You simply cannot overestimate or exaggerate how damaging the COVID-19 pandemic has been to airlines across the globe. But now a very well respected security consulting firm is predicting that air travel may return to 2019 levels by the end of 2021.
This would be good news indeed as the travel and tourism industries have been devastated by a crises larger and longer than 9/11 or the 2018 financial crash.
Crisis24 part of GardaWorld recently released their annual security report where they lay out various threats for the year ahead. Their 2021 Global Risk Forecast has some upbeat news for commercial aviation.
It Starts With A Vaccine
Crisis24 predicts that airlines will be eager to woo back corporate travelers as the pandemic subsides. This should mean low fares, ample schedules, and we would add, strong elite bonuses.
“The first six months after the COVID-19 vaccine becomes widely available will likely see airlines restore the majority of their pre-pandemic schedules. Instances in countries that have controlled the COVID-19 pandemic suggest that the public will be eager to travel and that airlines will add flights faster than they previously expected to accommodate the high demand. “
However they also note that this return to the air will be fraught with security issues as parked planes will have to be inspected and made air-worthy, pilots who have been furloughed may need additional training, and there still will be a risk of catching COVID during international travel.

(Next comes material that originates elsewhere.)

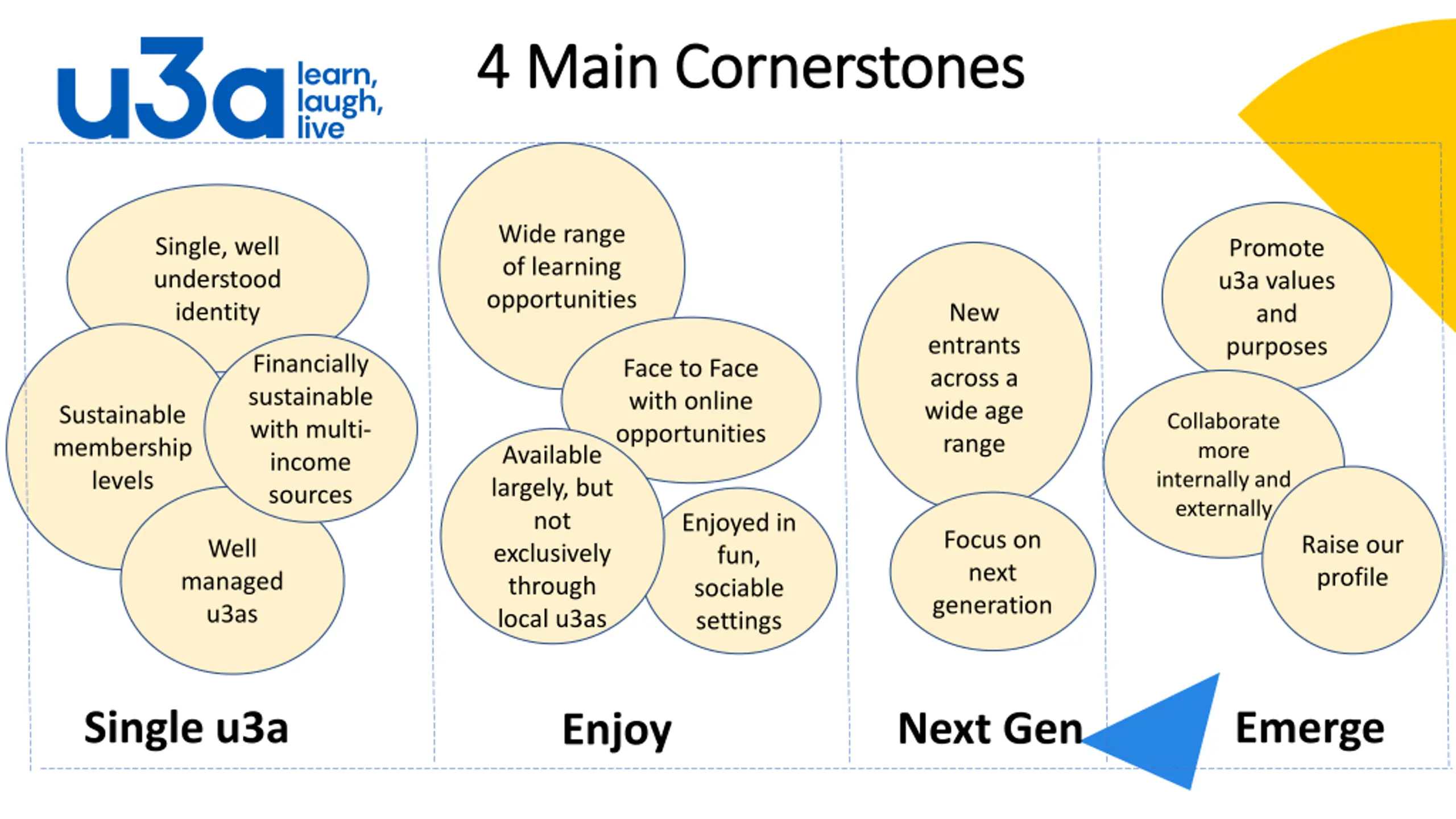 4 Main Cornerstones 4 Main Cornerstones Wide range of learning opportunities Single, well understood identity Promote u3a values and purposes New entrants across a wide age range Financially sustainable with multi- income sources Face to Face with online opportunities Sustainable membership levels Collaborate more internally and externally Available largely, but not exclusively through local u3as Enjoyed in fun, sociable settings Focus on next generation Raise our profile Well managed u3as Single u3a Emerge Next Gen Enjoy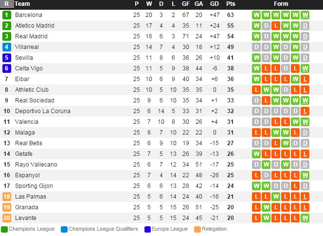 마드리드 더비이자 양팀 모두 우승을 위해서는 반드시 승리를 거둬야 하는 경기이다. 레알 마드리드는 지난 라운드 말라가 원정에서 1-1 무승부를 거두고 리그 3위에 머물러있다. 최근 7번의 홈 경기에서 전승행진을 달리고 있지만 AT 와의 경기에서는 항상 힘든 경기를 치렀던 전적이 있다. AT 마드리드는 지난 라운드 헤타페 전에서 1-0 승리를 거두고 리그 2위를 유지하고 있다. AT 마드리드도 티아고 정도를 제외하고 큰 부상자는 없지만 주중 아인트호벤과의 챔스 원정을 치루고 돌아오기 때문에 체력적으로 열세가 예상된다.

As countries roll out vaccines and the world hits a threshold where herd immunity kicks in and case counts drop, then confidence will rise, and there will be a pent up demand for both leisure and business travel.
The report’s final analysis says that, “The airline industry will likely defy projections of a long-term slump in air travel following the COVID-19 pandemic, and it would not be surprising to see passenger numbers at the end of 2021 to be at least 90 percent of what they were at the end of 2019.”
Even the hope that air travel may return to 2019 levels by the end of 2021 will help keep airlines, their employee and avid fliers optimistic through the next few months.